The present invention can employ either a batch type or a continuous type reactor.

The reaction temperature is 100-350°C, preferably 150-350°C.
00°C, reaction pressure is 5-10°Kif11G1, preferably 20-50 My/cn1G.

Since the method of the present invention does not add a basic substance such as sodium hydroxide into the reaction system, there is no need for any associated post-treatment, and the target triethylene glycol is actually free of dioxane. Since it is not contained, there is no problem of coloring or toxicity in applications such as cosmetics, and the production method is industrially extremely significant.

Hereinafter, the present invention will be specifically explained using examples.

Example: 500 i/hr of diethylene glycol and 5 kp/hr of ethylene oxide were introduced into the reactor, and the pressure was 5
5 Kf/Cm G z The reaction was carried out at a temperature of 270°C. The reaction rate of the raw material ethylene oxide was 99% or more.
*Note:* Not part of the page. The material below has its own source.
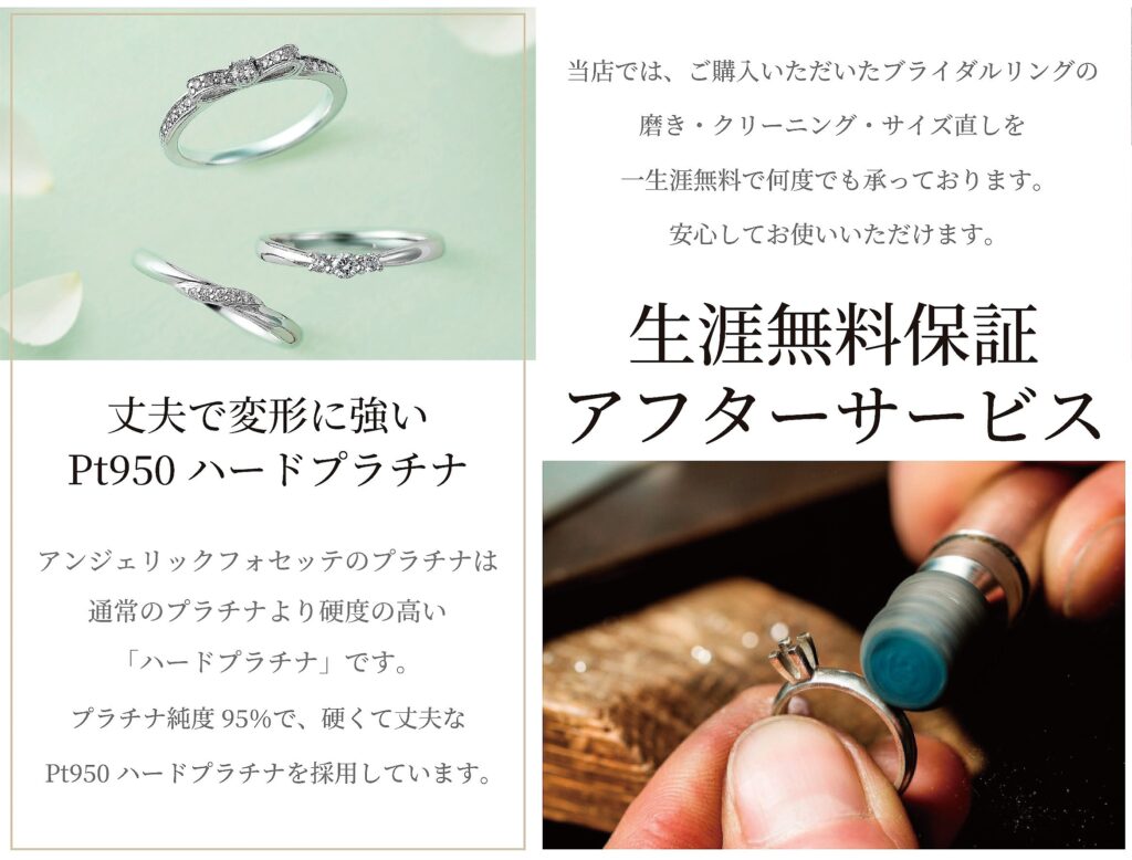 アンジェリックフォセッテがお仕立てしている指輪は全て高品質なPt950ハードプラチナを使用してオートクチュールでおつくりしている事、1本1本着け心地にこだわった加工を施している事、手厚いアフターサービスをご用意している事などから、多くのカップル様にご支持いただいております。

The selectivity of triethylene glycol in the reaction mixture is 91.0%
Met. Also 1. As a result of measuring dioxane in triethylene glycol by gas chromatography, it was not detected at all.

Comparative Example Diethylene glycol was introduced into the reactor at 5 ooip/hr, ylated ethylene at 5 o Ky/hr, and 45% potassium hydroxide G as a catalyst, IKg/hr.
The reaction was carried out at 5 to 103°C and 1.4 to 2.0 Kg/crlG.

The reaction rate of the raw material ethylene oxide was 99% or more, but the selectivity of triethylene glycol in the reaction mixture was 88%.
It contained 9% dioxane and 0.27% dioxane.

Patent applicant: Mitsui Toatsu Chemical Co., Ltd.

Claims (1)

[Claims] 1) A method for producing triethylene glycol, which comprises reacting ethylene oxide and diethylene glycol in the absence of a catalyst to produce triethylene glycol substantially free of dioxane.